Jokowi Izinkan Aborsi Bersyarat, Bagaimana Menurut Hukum Islam?
- VIVA.co.id/Andrew Tito
Jakarta , VIVA – Presiden Joko Widodo (Jokowi) mengizinkan praktik aborsi secara bersyarat berdasarkan Peraturan Pemerintah (PP) Nomor 28 Tahun 2024 tentang Kesehatan.
Adapun dalam PP tersebut, ada dua syarat atau kondisi yang diperbolehkan wanita hamil untuk melakukan aborsi di antaranya:
Pertama yakni indikasi kedaruratan medis, dan yang kedua adalah wanita korban tindak pidana pemerkosaan atau kekerasan seksual lain yang menyebabkan kehamilan.
Dalam penjabarannya, Indikasi kedaruratan medis itu meliputi kehamilan yang mengancam nyawa dan kesehatan ibu dan/atau kondisi kesehatan janin dengan cacat bawaan yang tak dapat diperbaiki, sehingga tidak memungkinkan hidup di luar kandungan.
Sedangkan kehamilan akibat pemerkosaan atau kekerasan seksual harus dibuktikan dengan surat keterangan dokter atas usia kehamilan sesuai dengan kejadian tindak pidana perkosaan atau tindak pidana kekerasan seksual lain yang menyebabkan kehamilan dan keterangan penyidik mengenai adanya dugaan perkosaan dan/atau kekerasan seksual lain yang menyebabkan kehamilan.
Hukum aborsi menurut Islam Terkait Kondisi Medis dan Korban Pemerkosaan
Pada dasarnya, hukum aborsi atau menggugurkan kandungan dalam Islam adalah haram, akan tetapi dalam kondisi darurat atau mengancam keselamatan ibu dan anak, maka diperbolehkan berdasarkan rekomendasi dari tim medis dan dokter.
Ustaz Hasan Bin Ismail Al Muhdor mengatakan, banyak ulama sepakat memperbolehkan menggugurkan kandungan jika dikhawatirkan akan menjadi penyakit.
"Di sini banyak ulama berpendapat, jika janin tidak berkembang dan dikhawatirkan akan menjadi penyakit, maka menggugurkan kandungan tidak menjadi masalah.

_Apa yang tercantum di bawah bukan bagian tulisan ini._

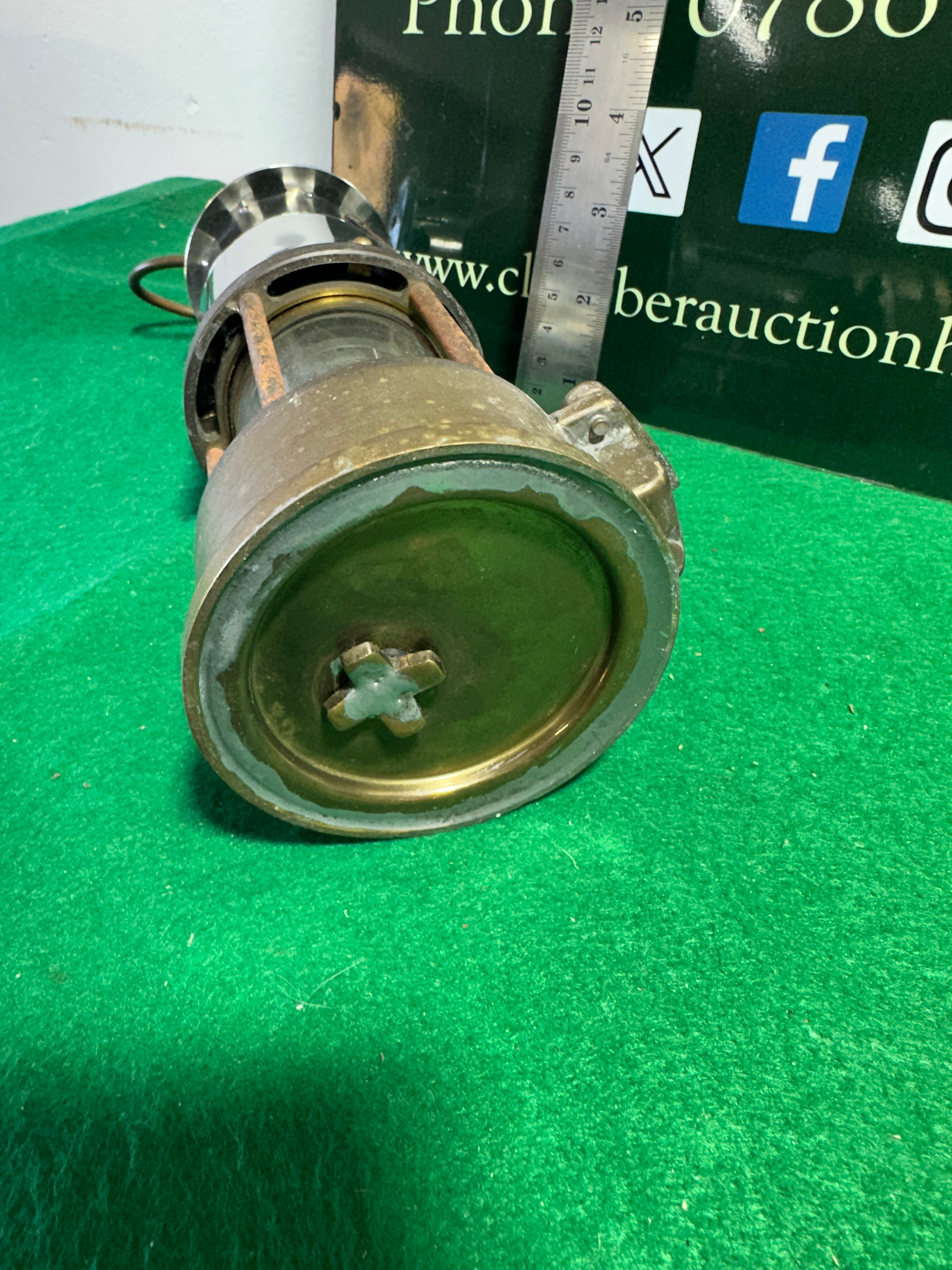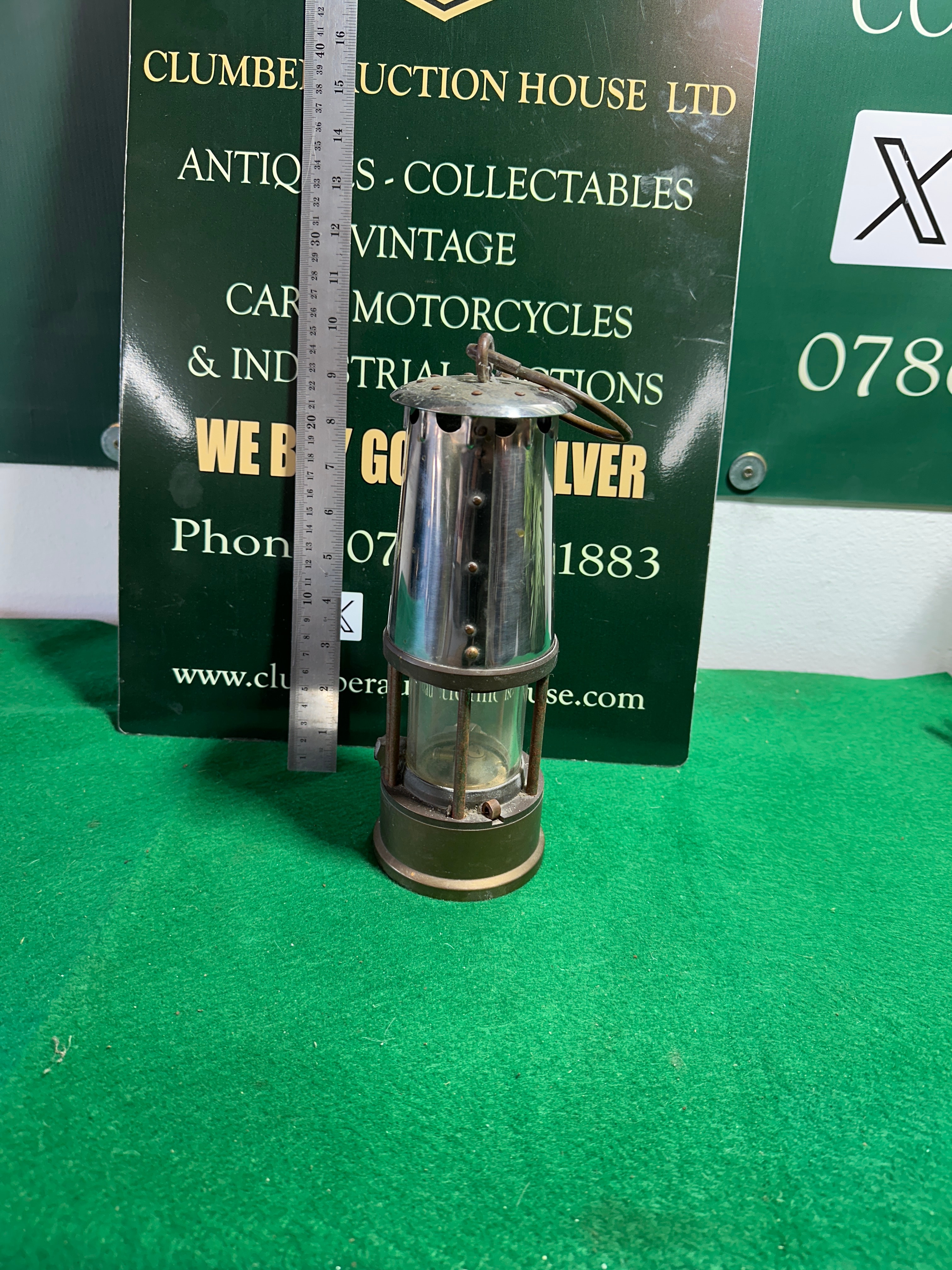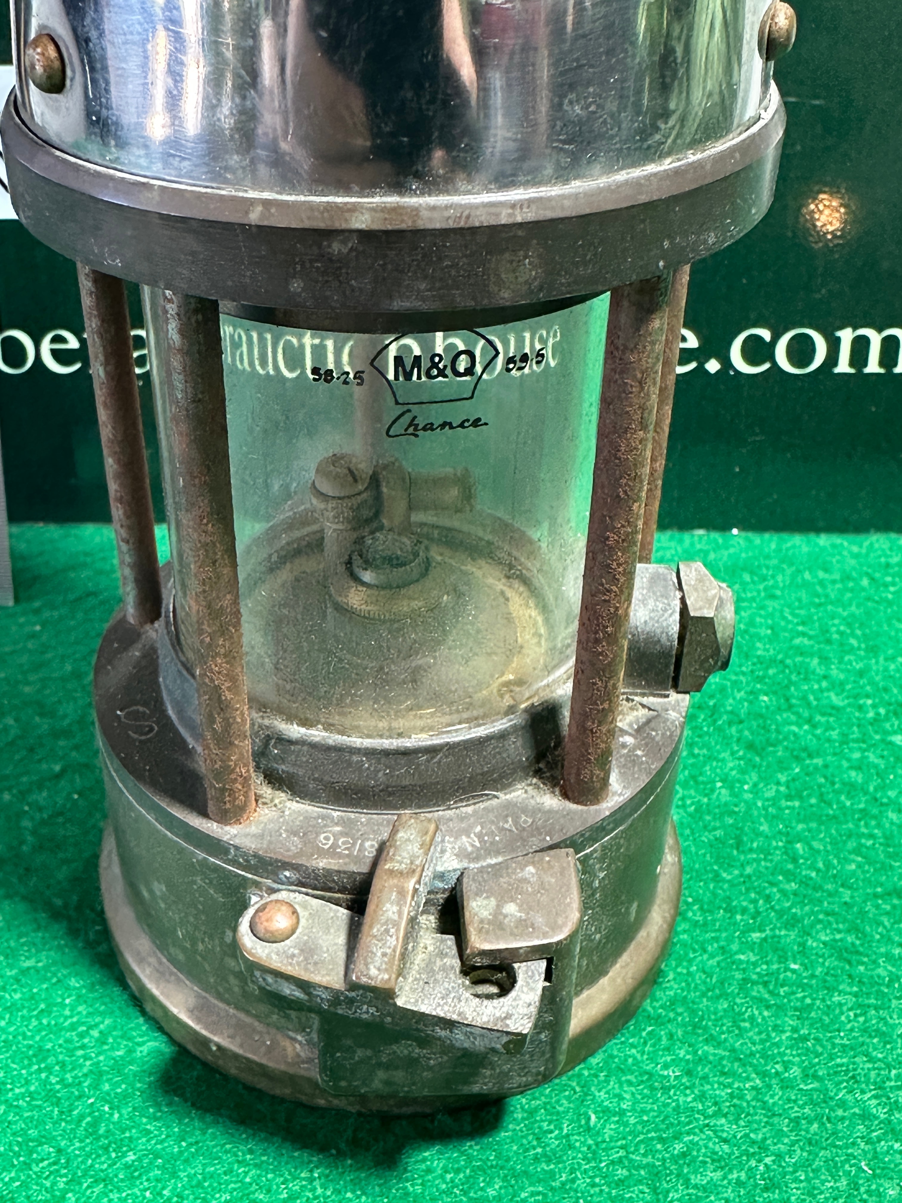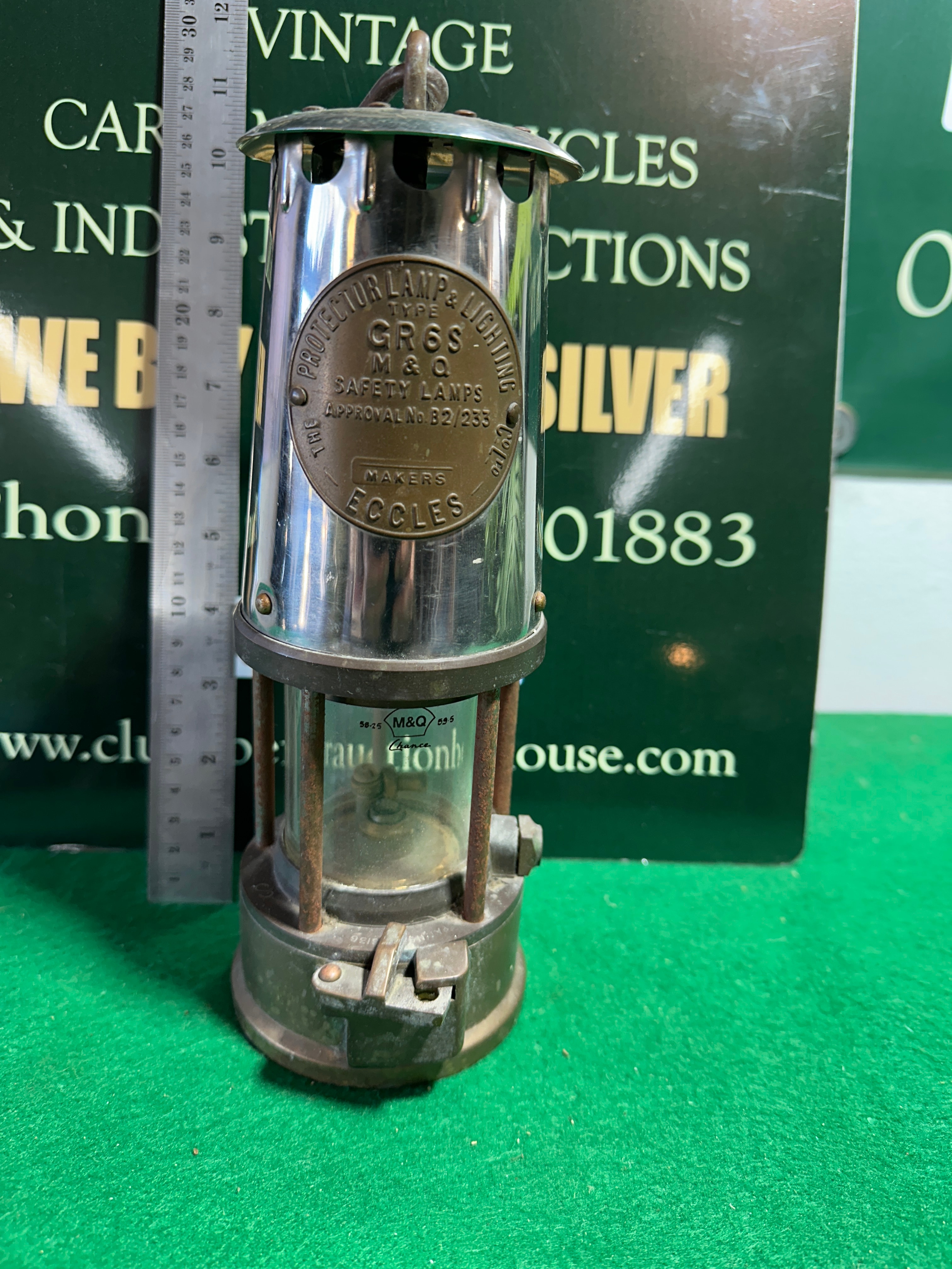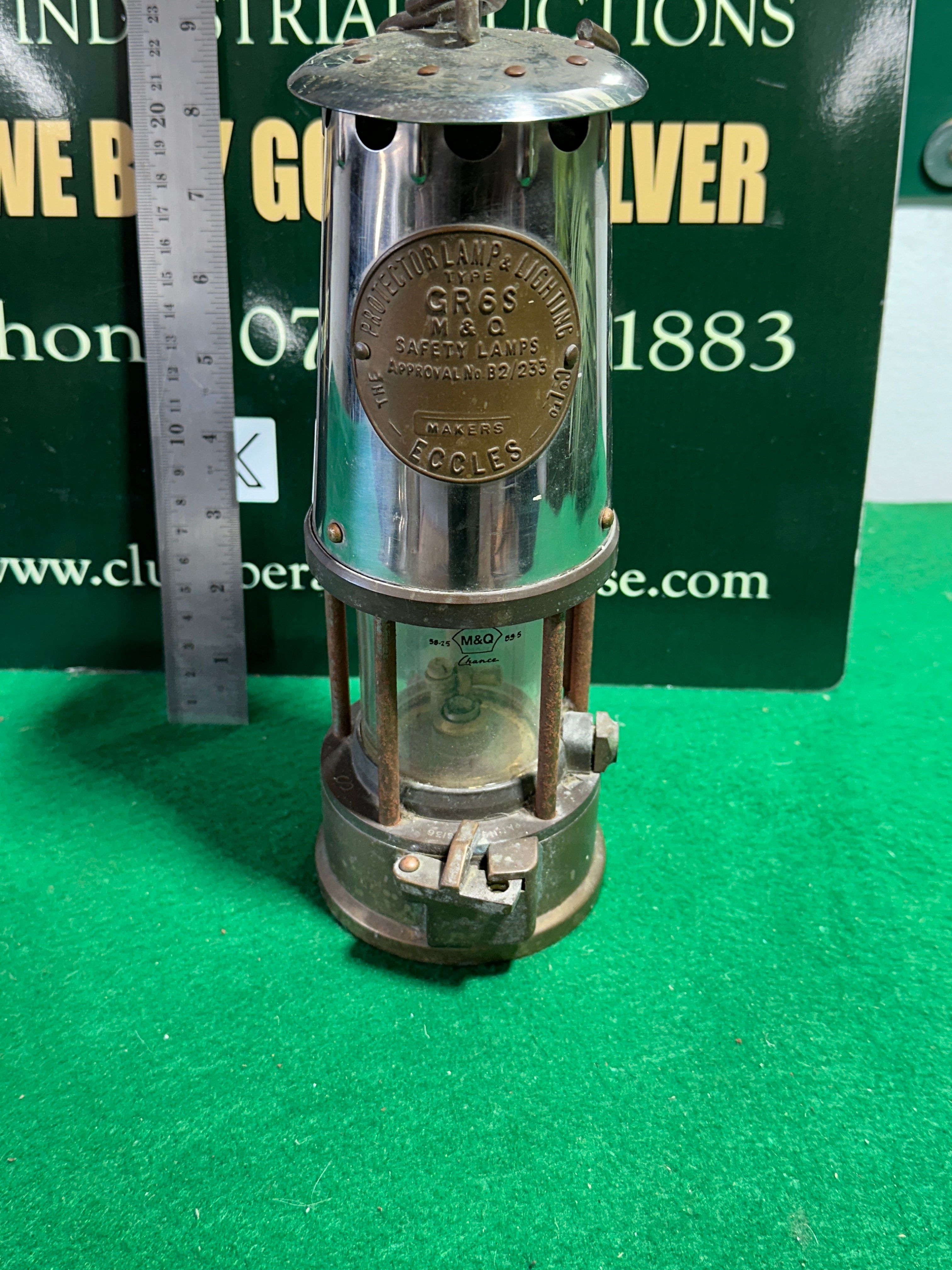 An Eccles Type GR6S Miner’s Safety Lamp, featuring a polished metal upper housing and a substantial base and internal frame constructed from tarnished brass or bronze, enclosing a clear glass cylinder. The prominent oval plaque on the upper section reads: “THE PROTECTOR LAMP & LIGHTING”, “TYPE GR6S”, “M & C”, “SAFETY LAMPS”, “APPROVAL No. B.2 / 253”, “MAKERS”, and “ECCLES”. Further markings on the glass include “M&Q”, “Chance”, “59-25”, and “59-5”.

Dalam kasus ini, jika janin dinyatakan mati atau tidak bisa berkembang lagi, maka menggugurkannya tidak masalah," kata ustaz Hasan Bin Ismail Al Muhdor seperti dilansir akun YouTube Ahbaabul Musthofa Channel.
Sedangkan untuk korban pemerkosaan, dilansir dari NU Online, telah dibahas bersama para kiai muktamar Munas 2014 di gedung PBNU di Jakarta, menurut forum tersebut, hukum aborsi dari tindak pemerkosaan tetap haram.
Akan tetapi sebagian ulama berpendapat memperbolehkan aborsi korban pemerkosaan selama usia janin belum berumur 40 hari terhitung sejak pembuahan.
Berdasarkan ilmu kedokteran, usia janin dapat diketahui dari hari pertama haid terakhir wanita korban pemerkosaan.
Berdasarkan Fiqih dan ulama terkait aborsi alasan medis dan korban pemerkosaan, Syeikh Abdurrahman bin Muhammad Ba'alawi mengatakan, tindakan yang menjadi sebab gugurnya janin setelah janin itu berada di dalam rahim, yaitu sesudah menjadi gumpalan darah atau menjadi gumpalan daging, meski roh itu belum ditiup ke dalam janin tersebut.
Namun, menurut Ar-Ramli, aborsi tidak diharamkan, artinya boleh dilakukan sebelum ditiupkannya roh. Aborsi tidak haram dilakukan kecuali setelah roh itu ditiup ke dalam janin tersebut, karena hal itu dapat dianggap sebagai menghilangkan makhluk yang sudah bernyawa.